In my parents' youth ( the 1930s and 1940s) it was thought that girls who had sex before marriage were tarts. Nice girls didn't.
There was also the very real desire amongst many women to find a husband, and the rather hypocritcal belief that if you weren't a virgin you were 2nd rate marriage material.
My father also used to say that if men could get sex without marriage, why would they bother to marry the girl anyway. In his eyes, and many men now his gae ( 80s), marriage was the price men paid for regular sex.
This was largely to do with the church's teaching, but also the lack of 100% effective contraception, and the inability of women to be financially indepedendent, especially if they became pregnant.

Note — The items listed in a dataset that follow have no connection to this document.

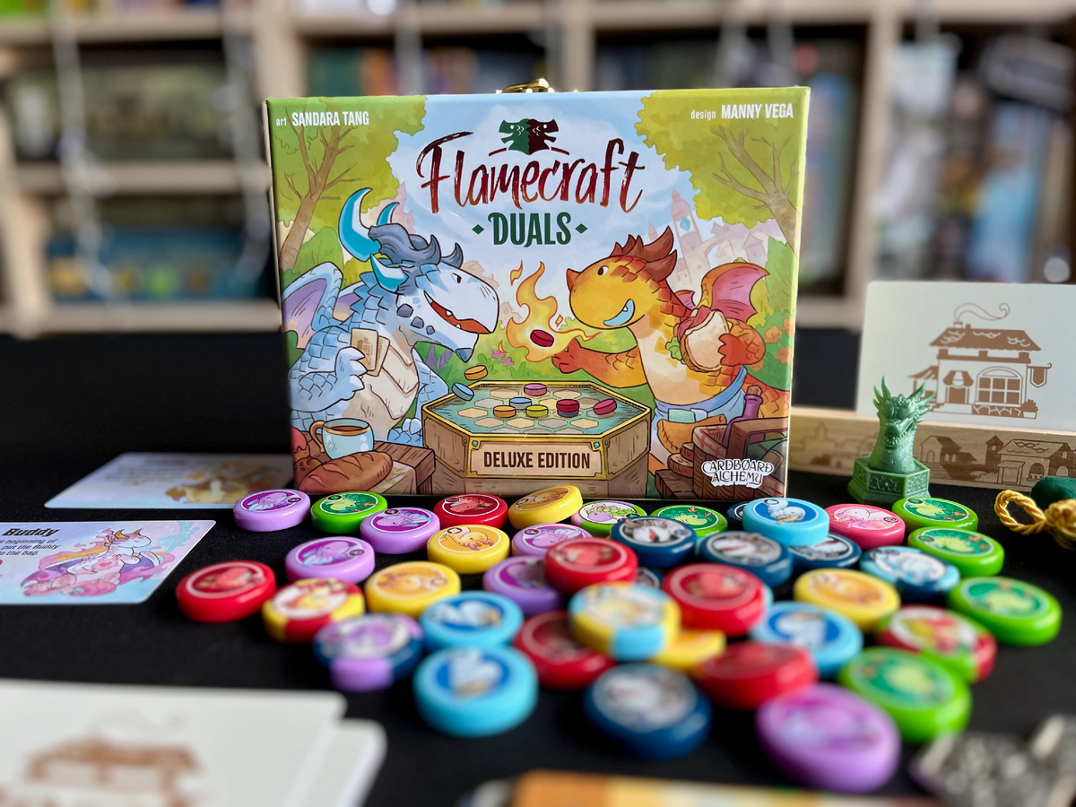 Это правда не просто коробка – это произведение настольного искусства. Сундучок, который превращается в игровое поле, хранилище для великолепных фишек драконов, металлических монет, пластиковых карт, деревянных подставок и бархатного мешочка. Просто праздник для истинного кинестетика.
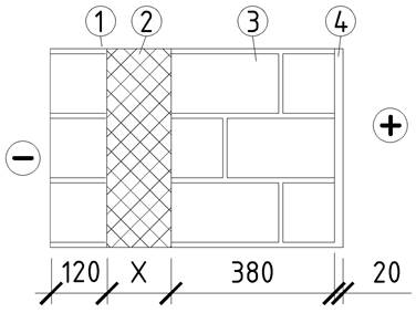 Теплотехнический расчет наружной стены. Определим толщину утеплителя наружной стены жилого дома, выполненного из керамического кирпича в условиях зимы г. Смоленск в нормальных условиях эксплуотации.(рисунок 5).
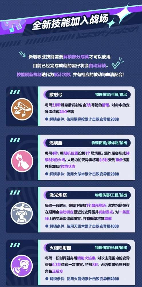 伴随着“变异蛋狂潮2.0”升级焕新,技能与超级血清也迎来了海量上新。四款全新技能“激光炮塔”“散射弓”“燃烧瓶”“喷火器”首度登场,为输出带来全新的畅爽体验,新增职业技能需要解锁部分成就才可以使用,目前已经完成成就的蛋仔将会自动解锁。

The welfare state did not exist as it does now- and even in 2011 many single women would find it hard to supprt a family without state support.
Before I got married, I lived with my DH for 3 months before the wedding and my parents were very embarrassed about this. Even in the 1980s it was referred to as "living in sin".
It's a very complex issue but basically, but in the past the feeling was that lower class women had sex with men outside marriage as ameans to try to trap them whereas middle class women saved themselves and were taught to value their virginity.
The reasons are a mixture of religion, but also the practical. Even now, you get a much better deal financally if you are marrried then divorce, as opposed to living with a man- especially if he is the major bread winner.